December-January 1922-23
Lenin
dictates his "Testament", warning against Stalin.
March 10, 1923
Lenin
suffers his third stroke, loses the power of speech.
January
21, 1924
Lenin
dies
January 27, 1924
Lenin's
embalmed body installed in Red Square mausoleum.
Born
in Simbirsk (renamed Ulyanovsk after its most famous son), in the Russian
Empire, Lenin was the son of Ilya Nikolaevich Ulyanov and Maria
Alexandrovna Ulyanova. His father was a successful Russian official in
public education who wanted democracy. The family was of mixed ethnicity,
his ancestry being “Russian, Mordovian, Kalmyk, Jewish (see Blank
family), Volgan German, and Swedish, and possibly others” according to
biographer Dmitri Volkogonov.

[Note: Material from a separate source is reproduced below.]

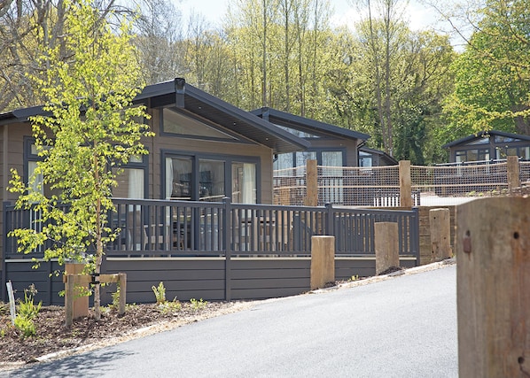 Luxurious lodge with one king-size four poster and one twin, both with contemporary en suite bathroom with bath and separate shower. Stylish well-equipped open plan side aspect living space, modern kitchen and spacious dining area. Patios doors leading to decking – perfect for al fresco dining. Ideal for a luxury break in the region. Pets allowed in selected accommodation only.
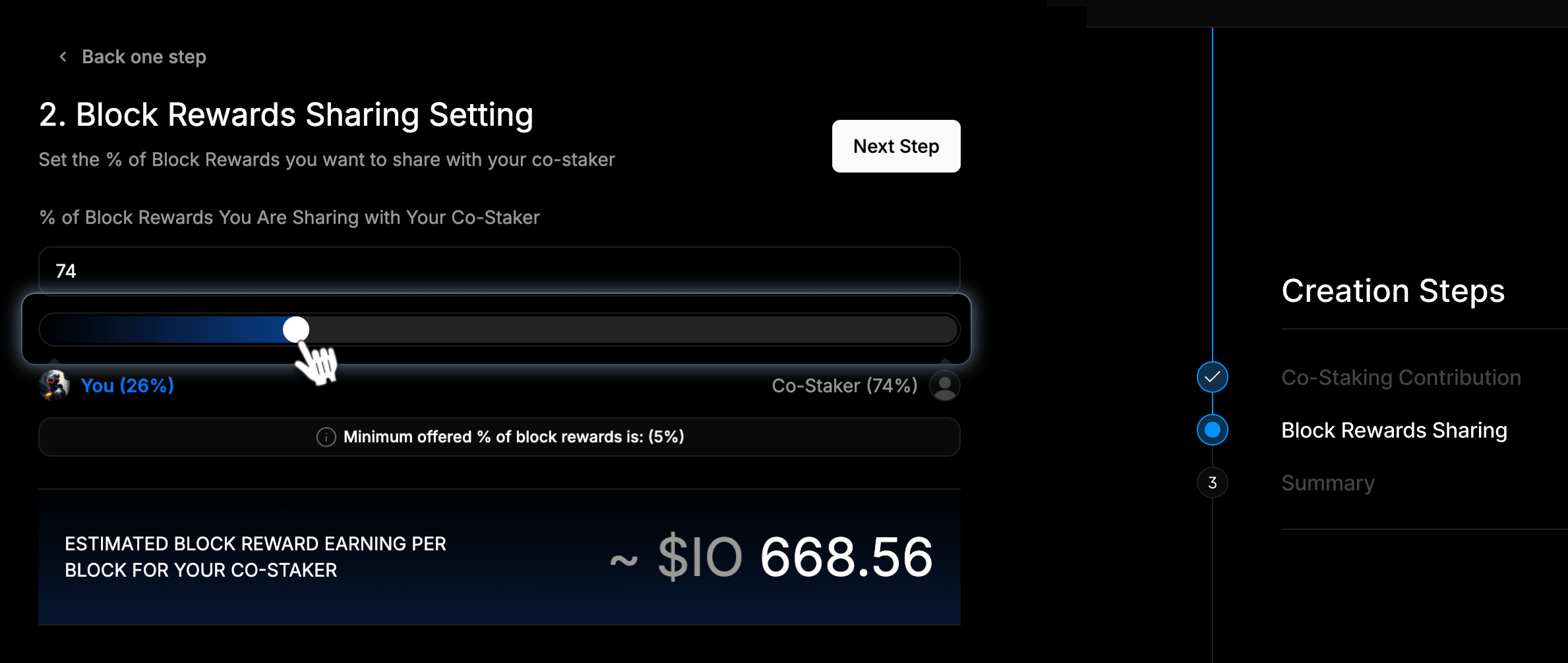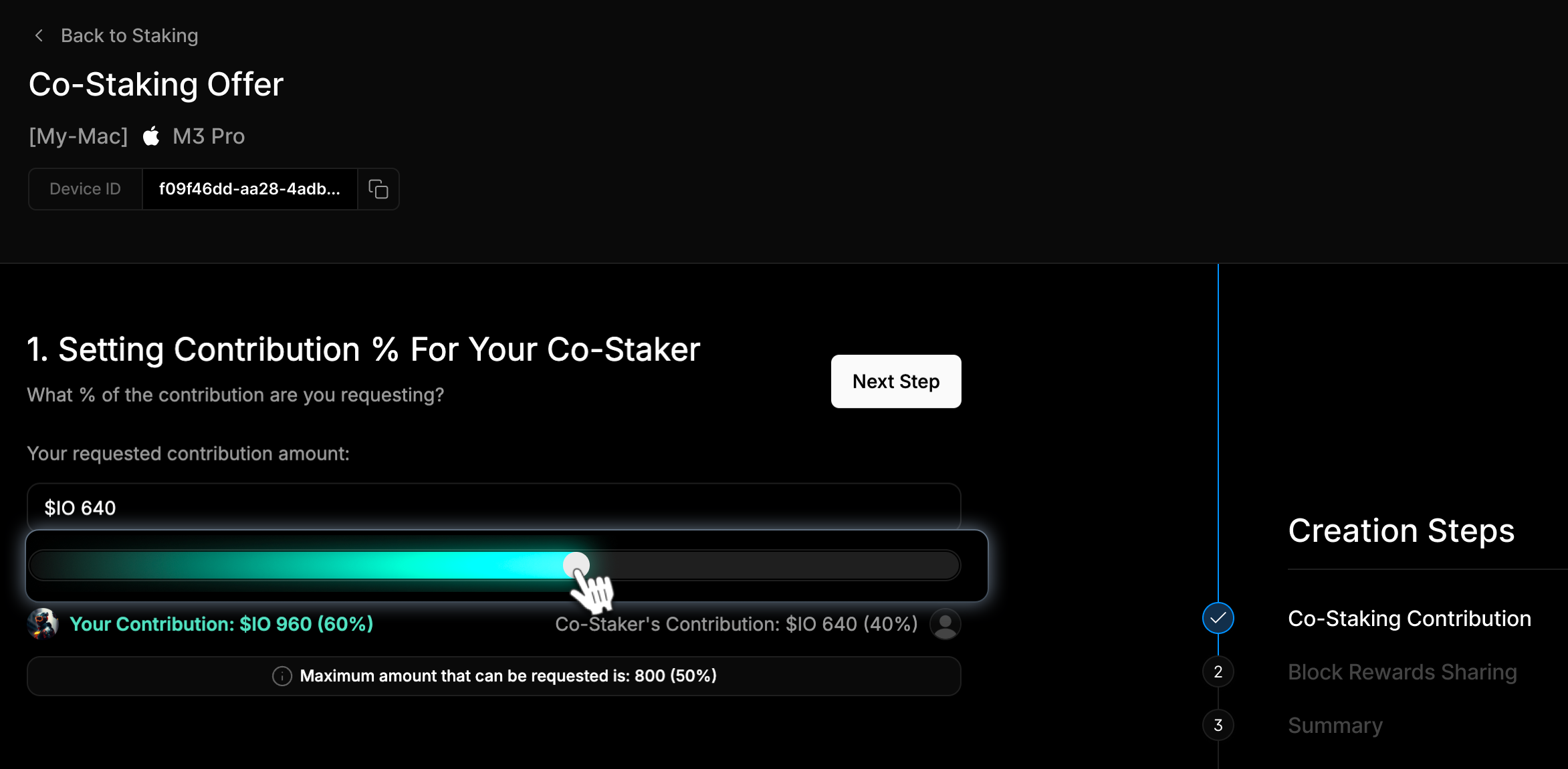 Set the amount of IO you’re requesting from a potential co-staker using the slider on the Co-Staker Contribution page. The maximum co-stake is 50% of the total stake.

Lenin was baptized into the Russian Orthodox
Church.
In 1886, Lenin’s father, a schoolmaster, died of a cerebral hemorrhage,
and, in May 1887, when Lenin was 17 years old, his eldest brother
Alexander was arrested and hanged for participating in a terrorist bomb
plot threatening the life of Tsar Alexander III. His sister Anna, who was
with Alexander at the time of his arrest, was banished to his family
estate in the village of Kokushkino, about 40 km (25 mi.) from Kazan. This
event radicalized Lenin, and his official Soviet biographies describe it
as being central to the revolutionary track of his life. It is also
significant, perhaps, that this emotional upheaval transpired in the same
year as that which saw him enroll at the Kazan State University. A famous
painting by Piotr Belousov, We Will Follow a Different Path, reprinted in
millions of Soviet textbooks, depicted young Lenin and his mother grieving
the loss of his elder brother. The phrase “We will follow a different
path” refers to Lenin's choosing a Marxist approach to popular
revolution, instead of anarchist or individualist methods. As Lenin became
interested in Marxism, he was involved in student protests and was
subsequently arrested. He was then expelled from Kazan University for his
political ideas. He continued to study independently, however, and it was
during this period of exile that he first familiarized himself with Karl
Marx’s Das Kapital. Lenin was later permitted to continue his studies,
this time at the University of Saint Petersburg, and, by 1891, had been
admitted to the Bar. In January 1892 Lenin was awarded a first class
degree in law by the University.[5] He also distinguished himself in Latin
and Greek, and learned German, French and English. His knowledge of the
latter two languages was limited: he relied on Inessa Armand to translate
an article into French and into English in 1917. In the same year he also
wrote to S. N. Ravich in Geneva “I am unable to lecture in French.”